[YOUR ASSIGNMENT] Please write out every line of the material, leaving out any picture.

[WORKING DATA]
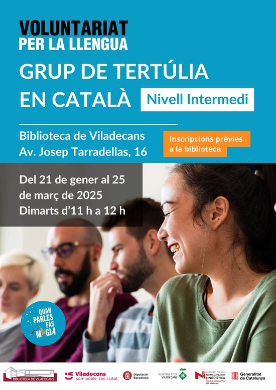 El 21 de gener començarà un grup de tertúlia en català organitzat pel Servei Local de Català i la Biblioteca de Viladecans. El grup, que estarà conduït per un voluntari del Voluntariat per la llengua, està adreçat a persones que tenen un coneixement intermedi de català i volen adquirir més fluïdesa a l'hora de parlar-lo.
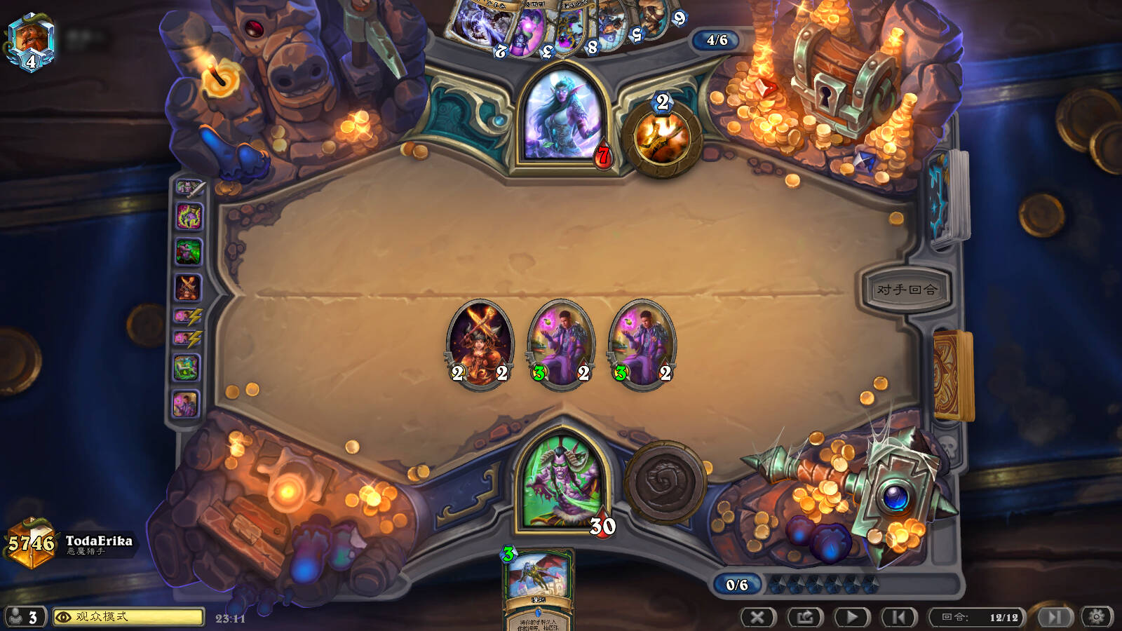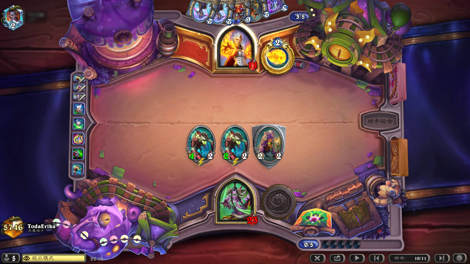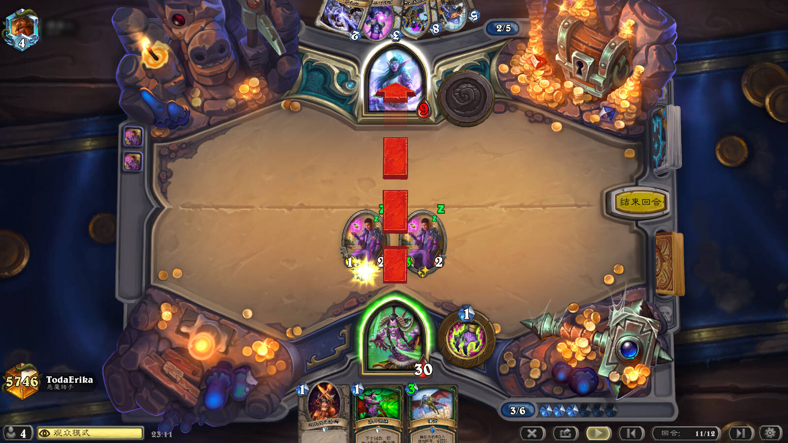 而后手有硬币的情况下,1费尽量毫不犹豫丢这个跳币再多下一个1费随从,场上站着一个3-2和一个其他的随从,给对面的压力是非常大的。
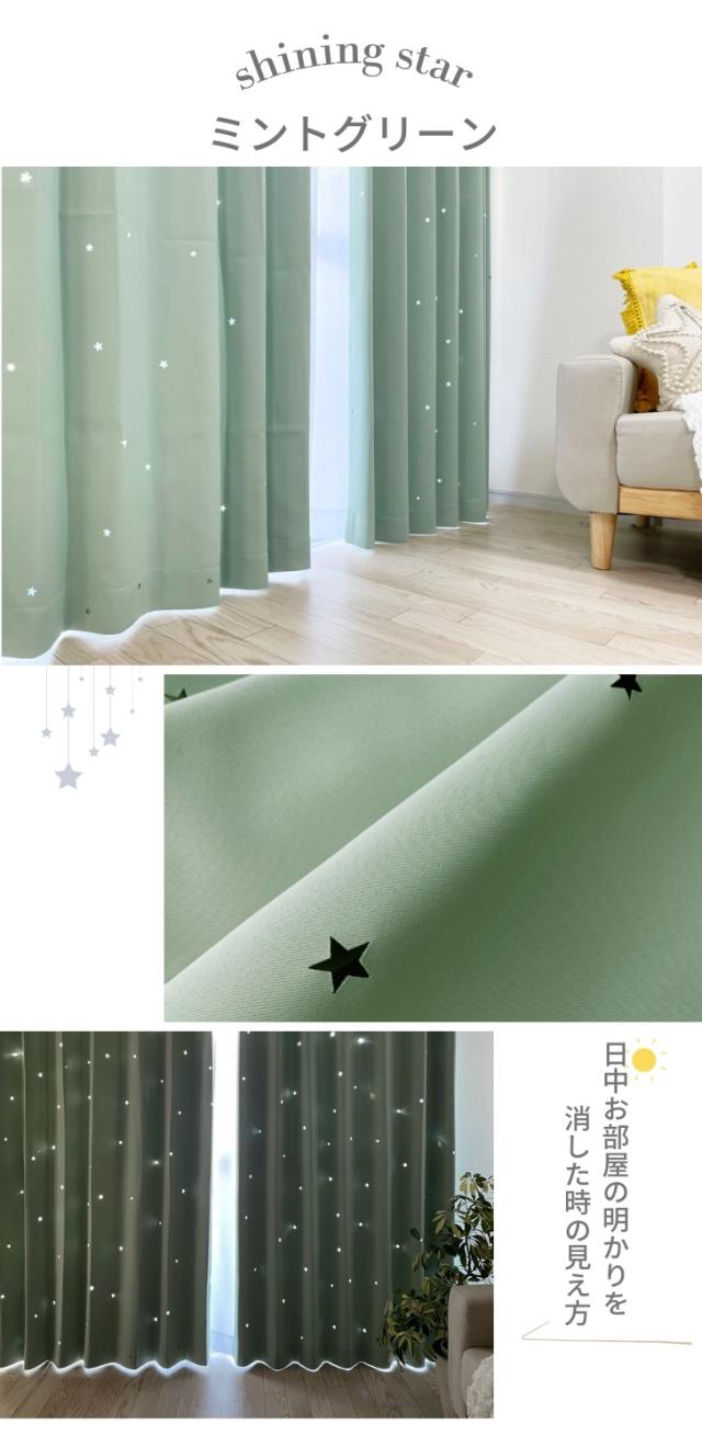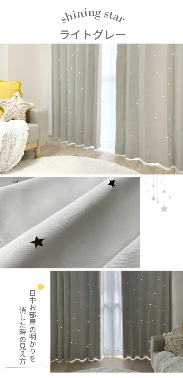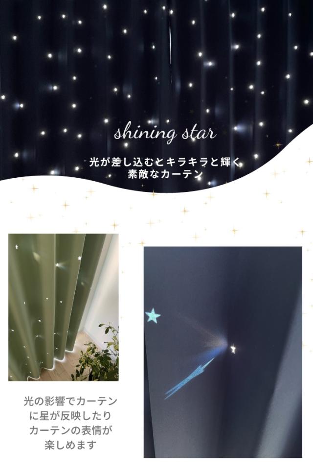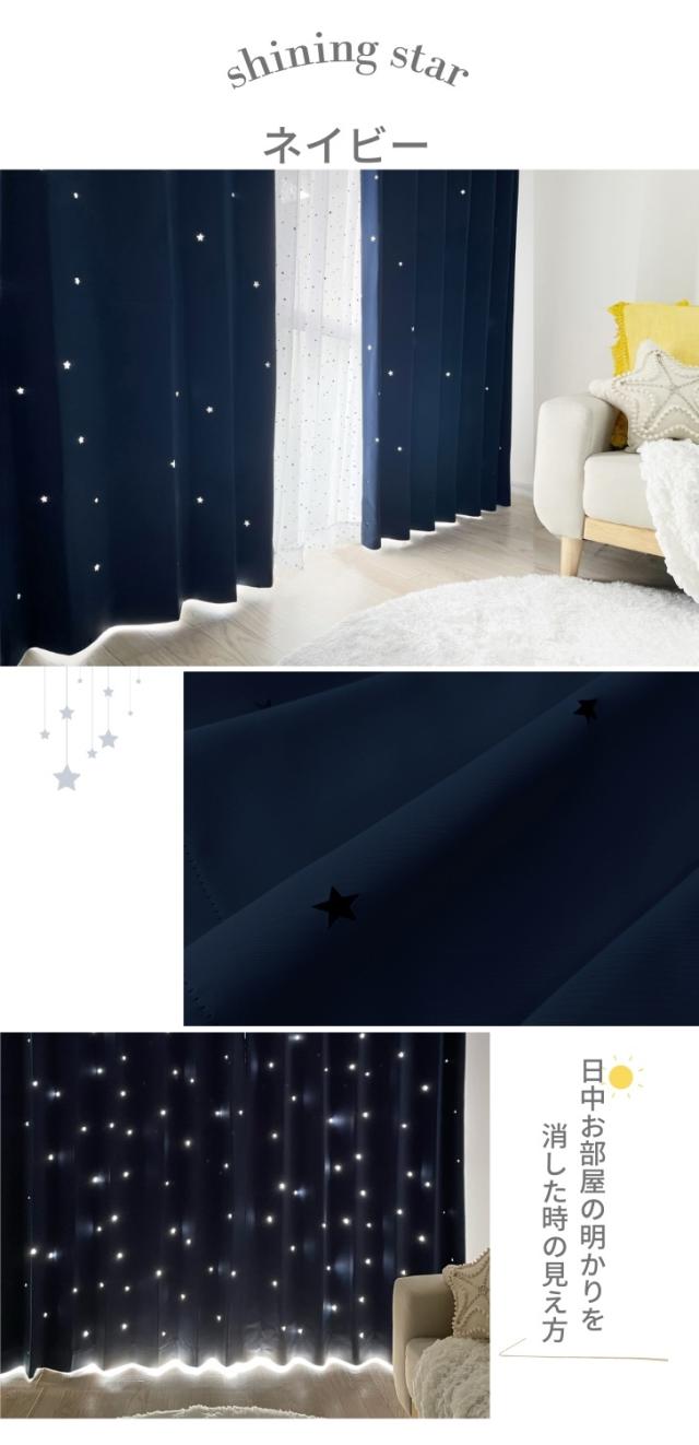 カーテン 遮光 星 星型 透かし シャイニング スター 遮光カーテン 幅100cm(2枚) 丈135 178 200cm かわいい おしゃれ キラキラ 子供部屋
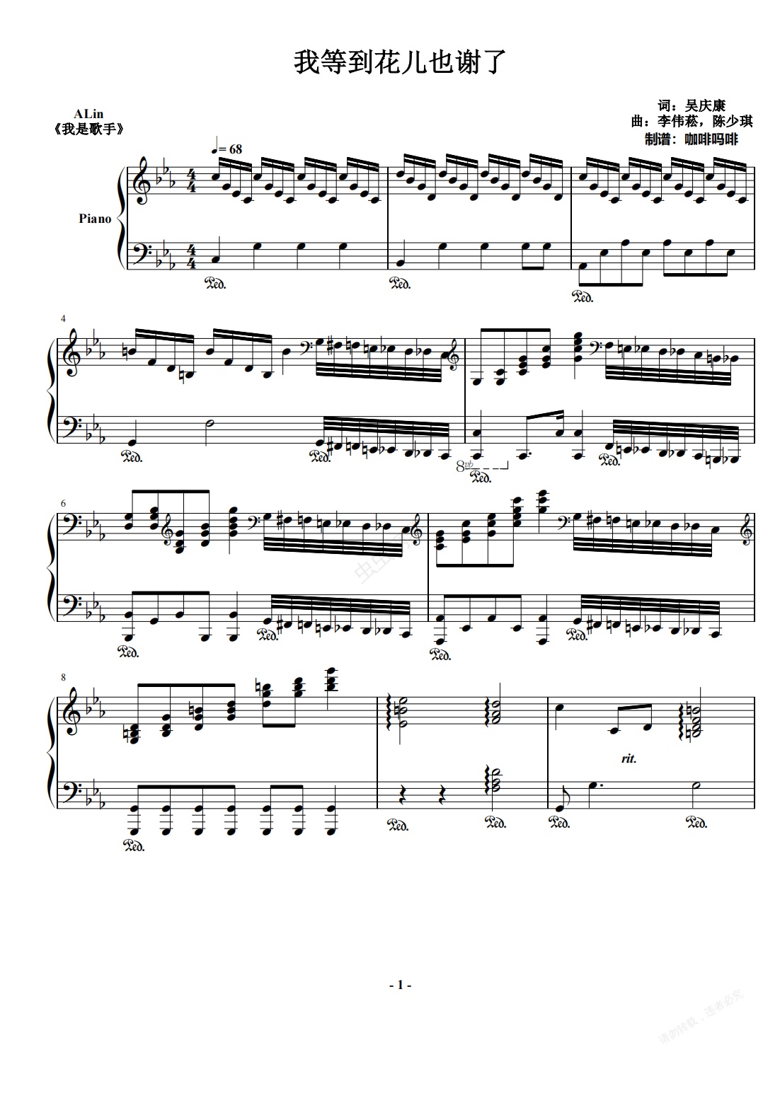 钢琴谱:我等到花儿也谢了-ALin《我是歌手》版钢琴伴奏谱
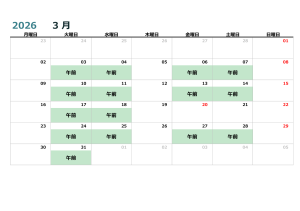 | 14:00-17:30 | 別宮 | 佐々木 | 島本 | ✕ | 青木 | ✕ |

[WRITTEN SOLUTION]
 El 21 de gener començarà un grup de tertúlia en català organitzat pel Servei Local de Català i la Biblioteca de Viladecans. El grup, que estarà conduït per un voluntari del Voluntariat per la llengua, està adreçat a persones que tenen un coneixement intermedi de català i volen adquirir més fluïdesa a l'hora de parlar-lo.
 而后手有硬币的情况下,1费尽量毫不犹豫丢这个跳币再多下一个1费随从,场上站着一个3-2和一个其他的随从,给对面的压力是非常大的。
 カーテン 遮光 星 星型 透かし シャイニング スター 遮光カーテン 幅100cm(2枚) 丈135 178 200cm かわいい おしゃれ キラキラ 子供部屋
 钢琴谱:我等到花儿也谢了-ALin《我是歌手》版钢琴伴奏谱
 | 14:00-17:30 | 別宮 | 佐々木 | 島本 | ✕ | 青木 | ✕ |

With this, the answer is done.